Even after manually updating robots.txt, AI crawlers continued to detect:

Disallow: /

The issue was ultimately caused by:

Cloudflare Managed robots.txt

generated through AI Crawl Control.

■ Symptoms

The following behavior occurred:

robots.txt was manually updated
Browser displayed Allow rules correctly
sitemap.xml worked normally
Cloudflare Pages deployment was healthy
Google Sites worked correctly
However GPTBot was still blocked
Cloudflare Radar showed Disallow rules
AI crawlers still detected restrictions

This created a mismatch between:

Human-visible robots.txt

and

AI crawler-visible robots.txt

■ Root Cause

The issue was caused by:

Cloudflare AI Crawl Control

with:

Managed robots.txt

enabled.

Cloudflare automatically injected additional directives such as:

User-agent: GPTBot

Disallow: /

User-agent: Google-Extended

Disallow: /

User-agent: ClaudeBot

Disallow: /

This happened even though the manually uploaded robots.txt contained:

User-agent: *

Allow: /

■ Why This Is Difficult to Notice

The confusing part is that:

https://www.example.com/robots.txt

appears normal in the browser.

However, Cloudflare internally merges additional AI crawler directives into the response.

As a result:

The browser output and the actual crawler response

can temporarily differ.

■ Solution

The solution was:

Cloudflare Dashboard

↓

AI Crawl Control

↓

Managed robots.txt

↓

Disable

After disabling Managed robots.txt, the site immediately began serving the intended file:

User-agent: *

Allow: /

Sitemap: https://www.example.com/sitemap.xml

■ Important Technical Detail

Cloudflare Managed robots.txt does not fully replace your file.

Instead, it:

merges additional directives

into your existing robots.txt response.

This means you may still see your own rules while Cloudflare silently appends AI crawler restrictions underneath.

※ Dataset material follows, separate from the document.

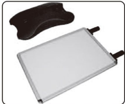
Kit includes: Snap frame, moulded base and 2 x bolts

■ Why This Matters in the AI Search Era

This issue is becoming increasingly important because modern AI systems now actively crawl websites.

Examples include:

GPTBot
ChatGPT-User
Google-Extended
ClaudeBot
Perplexity crawlers

As AI-driven search grows, websites increasingly need to consider:

robots.txt
sitemap.xml
AI crawler permissions
structured content
internal linking
canonical management

not just traditional SEO.

■ Google Sites + Cloudflare Architecture

Google Sites is lightweight and easy to maintain, but has limitations around:

robots.txt customization
sitemap management
redirects
canonical control
advanced SEO configuration

By combining:

Google Sites

Cloudflare Pages

Custom Domains

it becomes possible to build:

low-cost
lightweight
AI-accessible
SEO-optimized

web architectures without running a traditional server stack.

■ Practical Takeaway

If AI crawlers still detect:

Disallow: /

even after updating robots.txt manually, check whether:

Cloudflare Managed robots.txt

is still enabled.

This setting can override or append crawler directives automatically, especially for AI-related bots.